Engineers need to develop a variety of experimental, transferable and programming skills as part of their education and on-going professional development. This module provides training in experimental and professional skills. The experimental skills consist of (i) laboratory skills, (ii) basic data handling skills, and (iii) report writing skills. The professional skills consist of (i) computer programming skills in MATLAB, (ii) logical reasoning, analytical and oral presentation skills, and (iii) teamworking skills. The module also provides an introduction to the expectations and responsibilities of a professional engineer.  The laboratory component of this module is designed both to support learning in other parts of the curriculum, through practical experiments, and also to further develop generic and transferable skills, including practical laboratory skills, data handling, a basic understanding of experimental uncertainty and scientific writing. Working as part of a group is an integral part of the laboratory classes. Computing skills are developed through tutorials in Microsoft software and MATLAB programming, whereas the laboratory classes reinforce data handling skills. The professional skills are developed via guest lectures and seminars on topics including ethics; security; equity, diversity and inclusion (EDI); sustainability; writing of CVs and cover letters, and ethics in engineering. Oral communication skills are developed by delivering a presentation to a small group of peers on topics linked to the seminars. The module introduces aspects of the economic, legal, social, ethical, security and environmental contexts in which professional engineers operate.

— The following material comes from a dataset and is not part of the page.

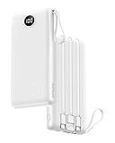 - 🔋【All-in-One Ladelösung mit 4 Kabeln】 Power Bank 20000mAh mit Integrierte Kabel (USB-C/kompatibel Lightning/USB-A/Micro-USB) – lädt bis zu 4 Geräte gleichzeitig ohne Zubehör. Kompatibel mit iPhone 16/15/14, Samsung Galaxy, Huawei, iPad u.v.m.

Engineers frequently use mathematical models, and in particular differential equations in one or more variables and matrices are common in this context. This is a further first level engineering mathematics module designed to support teaching in other engineering science modules by introducing students to concepts and solution methods in these areas. Statistics and probability also play a significant role in the assessment of real-life engineering problems and an introduction to key concepts in this area is also included.

This is an introductory module in electronics for non-electronic/electrical engineering students. It builds a basic understanding of electrical concepts, circuits and instruments relevant to later modules in the course.

This module extends from the design modules in the first year. The basic CAE skills generated in year 1 were primarily CAD and in this module these skills are extended to include FEA (finite element analysis). This provides a computer based stress analysis alternative to the analytical stress analysis skills developed in other parts of this programme. Project Management skills will prepare students for a group design activity enabling them to specify, plan and monitor their progress. Alongside formal lectures the students will work in small groups on several short duration design projects to promote team work and put theory into practice. This module will give students the skills and confidence to complete a larger group design project in a subsequent module.

This module is an essential component of the mechanical engineering science program as it directly relates to several core areas of study. By understanding the behavior of structures under static and dynamics loads, students will be better equipped to tackle various engineering challenges, such as designing robust structures, vehicles, and machinery that can endure the deformations and vibrations they may encounter during their operational lifespan. The module builds upon the knowledge gained in earlier engineering courses, including solid mechanics, materials and statics, mathematics, and physics and it serves as a foundation for subsequent specialised modules. By exploring the fundamental concepts and practical applications of deformation and vibration analysis, students will develop a strong foundation for their future engineering studies and professional careers.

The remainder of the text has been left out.